- _Exercise aim_
Everything from the first line of the data through the line with "Ldnio, caricabatterie a" is to be echoed exactly, minus the pictures.

- _Dataset records_
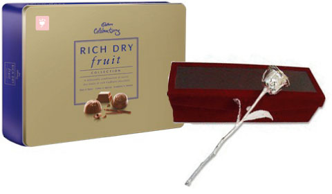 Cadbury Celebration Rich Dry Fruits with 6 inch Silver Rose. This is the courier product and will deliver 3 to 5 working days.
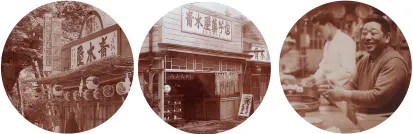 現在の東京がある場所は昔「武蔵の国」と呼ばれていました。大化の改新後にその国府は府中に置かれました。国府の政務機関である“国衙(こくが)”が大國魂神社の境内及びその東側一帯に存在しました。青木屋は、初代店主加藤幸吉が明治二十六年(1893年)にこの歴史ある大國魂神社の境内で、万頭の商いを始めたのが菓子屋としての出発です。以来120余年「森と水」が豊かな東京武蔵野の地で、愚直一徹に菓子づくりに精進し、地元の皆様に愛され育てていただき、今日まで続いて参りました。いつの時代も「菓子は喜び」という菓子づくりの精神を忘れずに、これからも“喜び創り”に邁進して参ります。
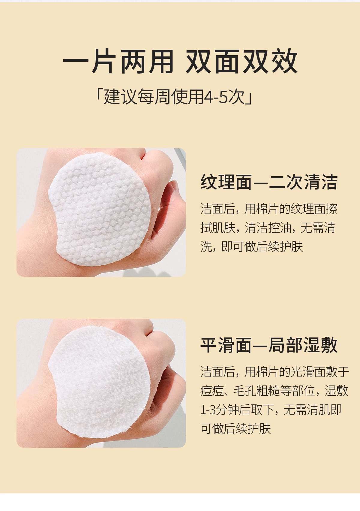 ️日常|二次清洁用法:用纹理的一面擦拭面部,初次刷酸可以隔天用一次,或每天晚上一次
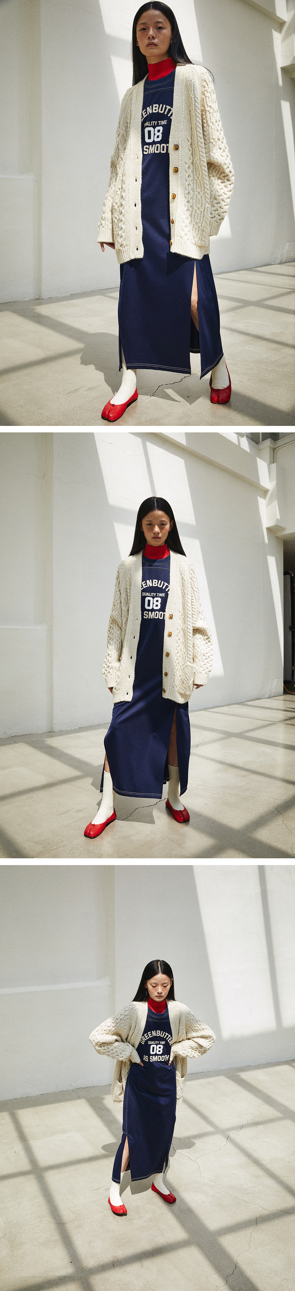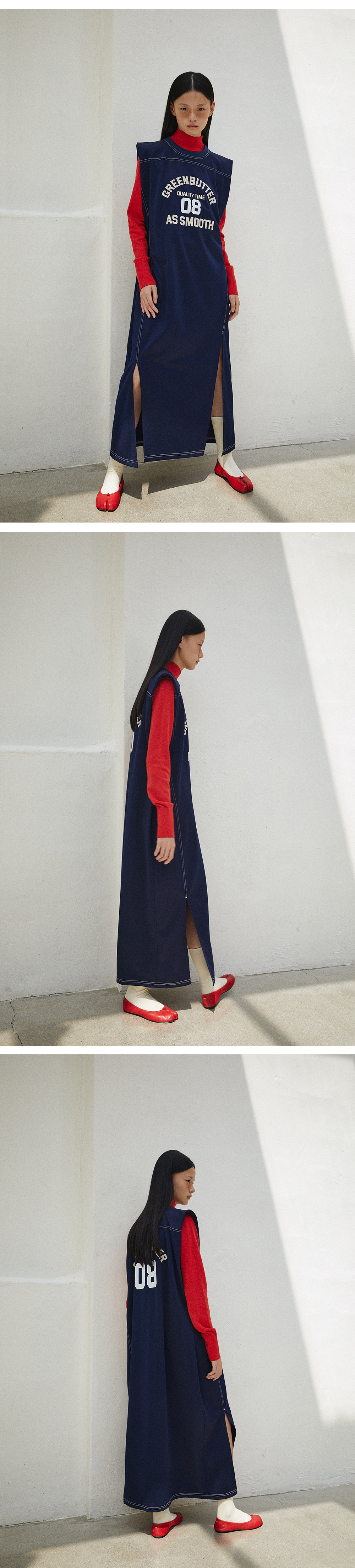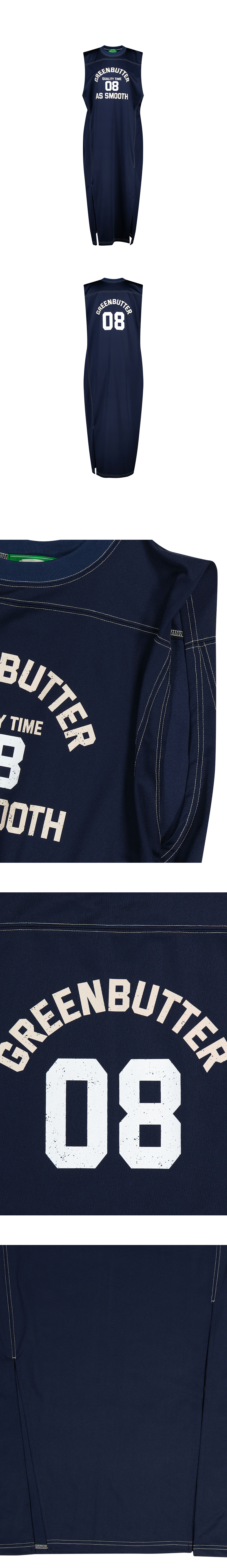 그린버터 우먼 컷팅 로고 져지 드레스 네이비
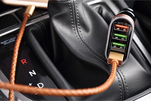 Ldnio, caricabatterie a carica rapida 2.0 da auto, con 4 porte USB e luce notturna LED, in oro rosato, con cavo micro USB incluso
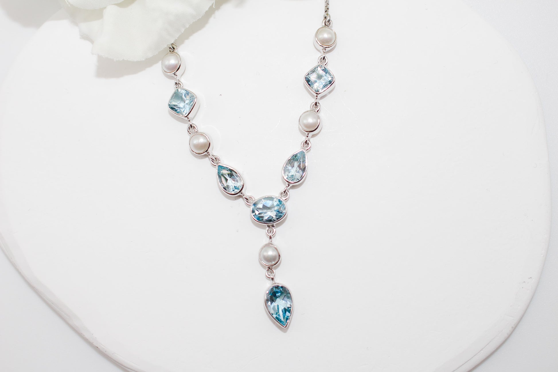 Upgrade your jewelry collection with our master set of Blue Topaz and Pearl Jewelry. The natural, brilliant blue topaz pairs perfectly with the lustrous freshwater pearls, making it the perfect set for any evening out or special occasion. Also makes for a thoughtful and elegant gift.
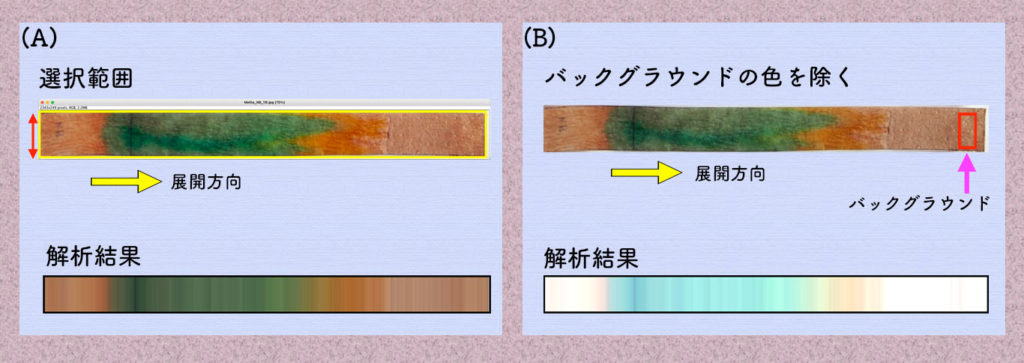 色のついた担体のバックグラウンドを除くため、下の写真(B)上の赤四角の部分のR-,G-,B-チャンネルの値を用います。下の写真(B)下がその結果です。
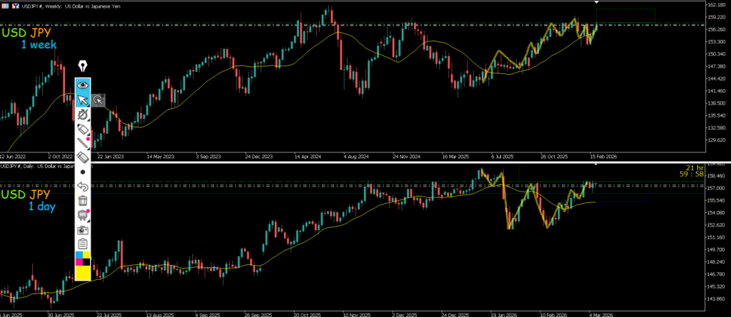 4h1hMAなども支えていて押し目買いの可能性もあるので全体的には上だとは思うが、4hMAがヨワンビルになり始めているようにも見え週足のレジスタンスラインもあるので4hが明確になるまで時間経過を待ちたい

- _Solved exercise_
 Cadbury Celebration Rich Dry Fruits with 6 inch Silver Rose. This is the courier product and will deliver 3 to 5 working days.
 現在の東京がある場所は昔「武蔵の国」と呼ばれていました。大化の改新後にその国府は府中に置かれました。国府の政務機関である“国衙(こくが)”が大國魂神社の境内及びその東側一帯に存在しました。青木屋は、初代店主加藤幸吉が明治二十六年(1893年)にこの歴史ある大國魂神社の境内で、万頭の商いを始めたのが菓子屋としての出発です。以来120余年「森と水」が豊かな東京武蔵野の地で、愚直一徹に菓子づくりに精進し、地元の皆様に愛され育てていただき、今日まで続いて参りました。いつの時代も「菓子は喜び」という菓子づくりの精神を忘れずに、これからも“喜び創り”に邁進して参ります。
 ️日常|二次清洁用法:用纹理的一面擦拭面部,初次刷酸可以隔天用一次,或每天晚上一次
 그린버터 우먼 컷팅 로고 져지 드레스 네이비
 Ldnio, caricabatterie a carica rapida 2.0 da auto, con 4 porte USB e luce notturna LED, in oro rosato, con cavo micro USB incluso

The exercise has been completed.